In microservices design, we often need a service to publish messages or events to a message bus to notify other services that something interesting has happened.

Perhaps a user has subscribed to our newsletter, and the Email Sender service needs to know so it can send a welcome email, or the Reservation Analytics service needs to be aware of all the reservations and cancellations within our restaurants’ platform to keep the business informed.

No matter which messaging solution we choose, e.g.
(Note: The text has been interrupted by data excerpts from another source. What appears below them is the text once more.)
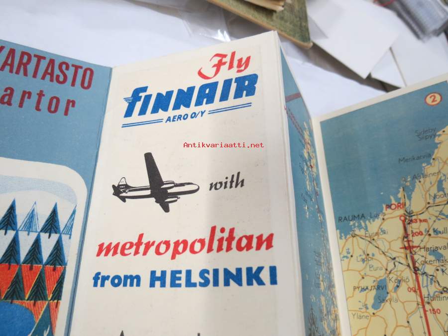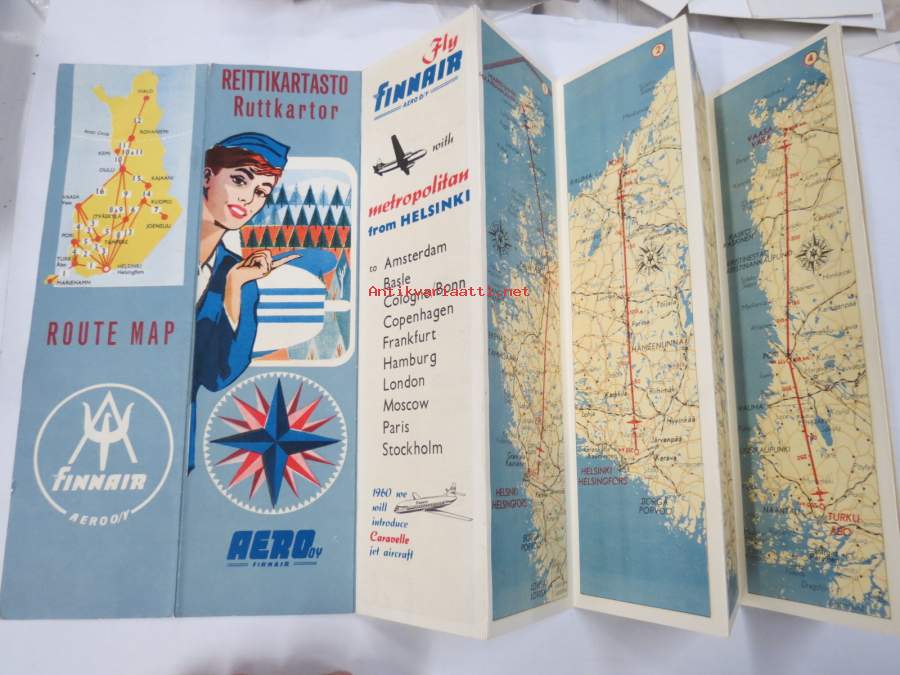 Aero Oy - Finnair Route Map / Reittikartasto / Ruttkartor - Fly Finnair with Metropolitan & Caravelle (introducing 1960) - Chymos / Shell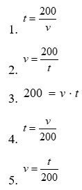 Двигаясь со скоростью v км/ч, автомобиль проезжает расстояние равное 200 км, за время t ч. Выберите формулу, выражающую зависимость времени от скорости.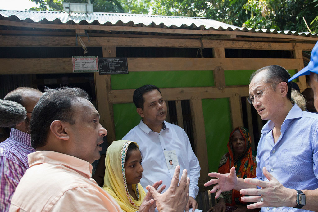 Chủ tịch Nhóm Ngân hàng Thế giới, Jim Yong Kim (phải) trong một chuyến thăm các thành viên của một hệ thống nhà năng lượng mặt trời tại quận Barisal, Bangladesh. Ảnh: WB / Dominic Chavez
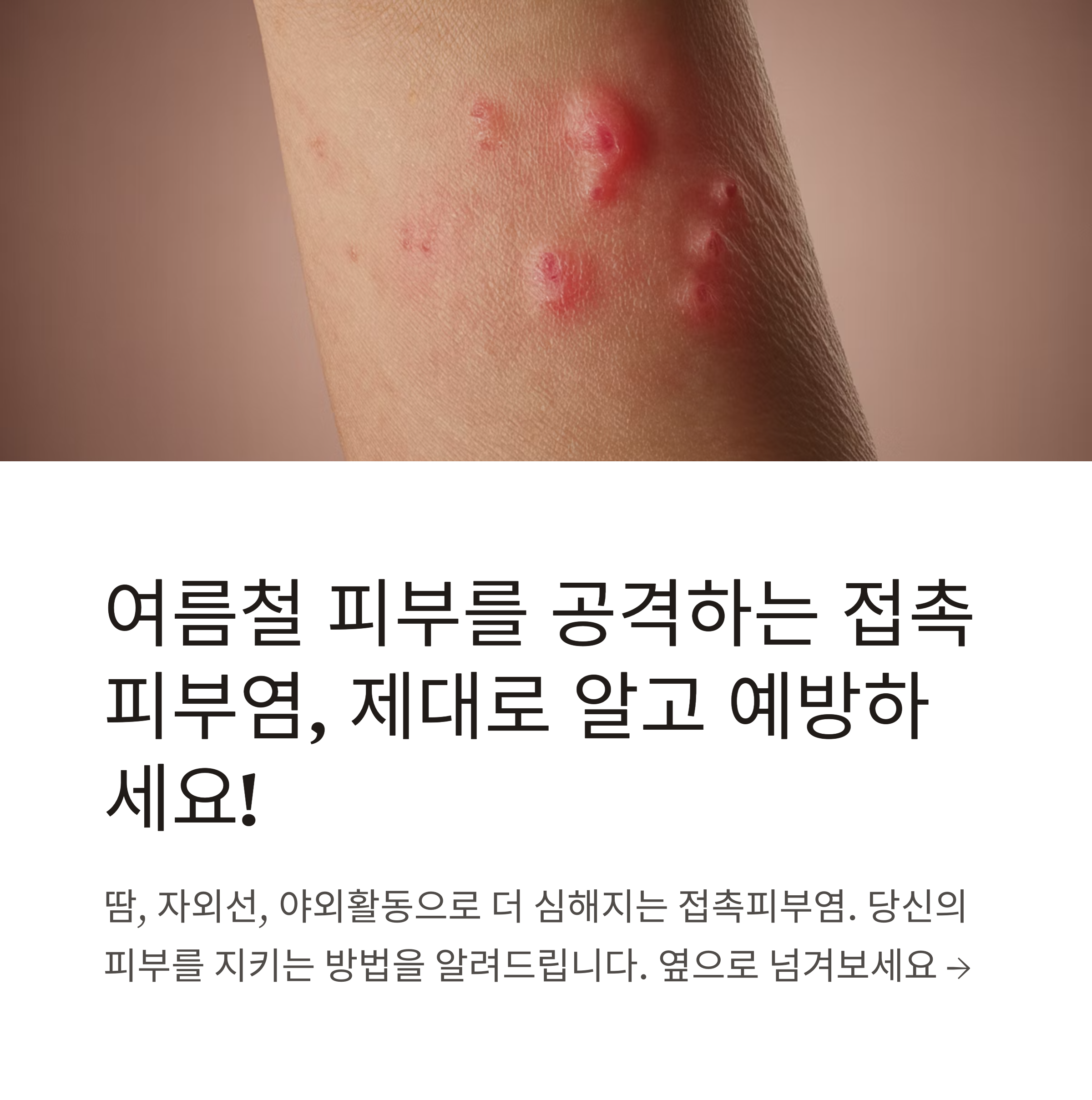 여름은 땀이 많고 자외선 노출도 많아지며 벌레나 식물과의 접촉 가능성도 높습니다.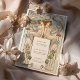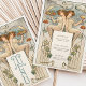This exquisite Art Nouveau-inspired wedding menu card brings a touch of vintage elegance to any event. The front features an illustration of two graceful, classically styled figures holding a feast and a glass, symbolizing abundance and celebration. Delicate lines and floral motifs in soft shades of teal, peach, and cream frame the design, adding a whimsical charm. The back showcases a beautifully presented menu with a refined selection of courses. Perfect for weddings, formal dinners, or vintage-themed gatherings, this menu card adds an artistic and sophisticated ambiance to your table settings.

Kafka, RabbitMQ, or Azure Service Bus, there is a common design problem that we need to be aware of and avoid.

The problem

Imagine that an interesting change is about to happen in our system; let’s say a user has filled out their information and is about to click the Register button. Upon processing this request, the User microservice needs to perform two actions:

  1. persist the new user’s information in its database, and
  2. publish a UserRegistered event to a message broker

Both steps are essential for our system to function correctly, so they should either both succeed or fail. For example, if the user info gets persisted, but the event doesn’t get published, then the Subscription service won’t know about the new user and won’t activate their trial subscription.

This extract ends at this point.